On Monday morning a reporter from the
Herald
showed up and I was forced to threaten him. I got phone calls from the
Globe
and all three network affiliates in Boston. I told each that I would shoot anyone I saw.

A half hour later I got a call from Rojack.

“I want to know how Jill is,” he said.

“She's resting comfortably,” I said.

“I'd like a bit more than that,” he said.

“I don't blame you,” I said. “How'd you get this number?”

“I know a lot of people,” Rojack said. “Some of them are important.”

“Nice for you,” I said.

“I know you don't hold me in high regard, Spenser, but I care about Jill. I have the right to know how she is.”

“Un huh,” I said.

“You have no right to interfere. I want to see her.”

“No.”

“I love her, dammit, do you understand that?”

“Not in this case,” I said. “You can't see her. Later, maybe.”

“I'm afraid I must insist.”

“Sure,” I said. “That'll turn me inside out.”

“If I can get the number, I can get the location,” Rojack said. “Perhaps Randall and I will pay you a visit.”

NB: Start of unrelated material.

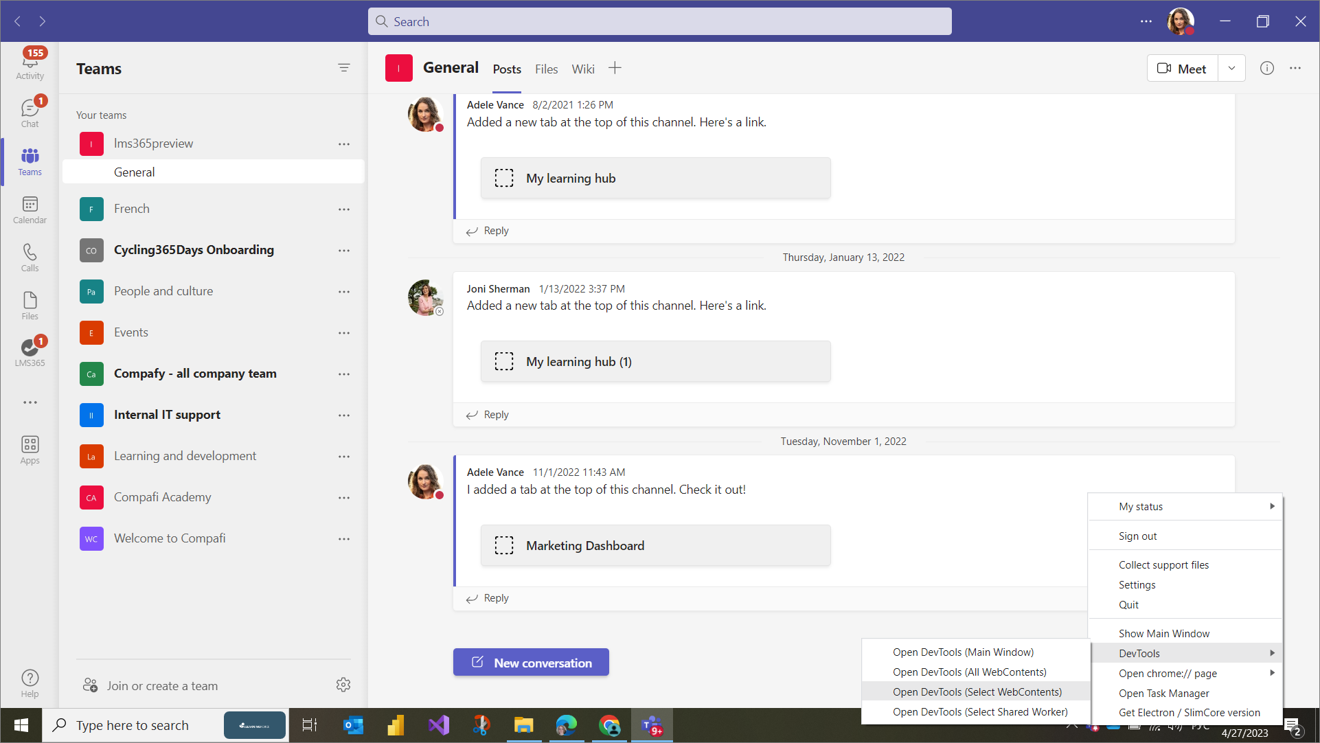1. Klicken Sie im Infobereich bzw. in der Systemprozessablage mehrmals auf die Microsoft Teams-App, und klicken Sie dann mit der rechten Maustaste darauf, um das Kontextmenü zu öffnen. Klicken Sie auf Entwicklungstools > Entwicklungstools öffnen (WebContents auswählen) > WebView. Das Fenster Entwicklertools öffnet sich.

“Perhaps I will stick Randall in the lake,” I said.

“Whatever you may think, Spenser, I love that woman. I want to help her.”

“The way you help her now is to leave her alone.”

“You won't change your mind?”

“No one sees her,” I said.

“We'll be up. You were lucky with Randall the first time.”

“I was kind the first time,” I said. “This time he'll get hurt.”

I heard the phone click. I hung up and looked at Jill sitting by the window in a straight chair looking at the lake, where the three dogs were busy sniffing out something. I picked up the phone and called Henry Cimoli and asked for Hawk. He was there.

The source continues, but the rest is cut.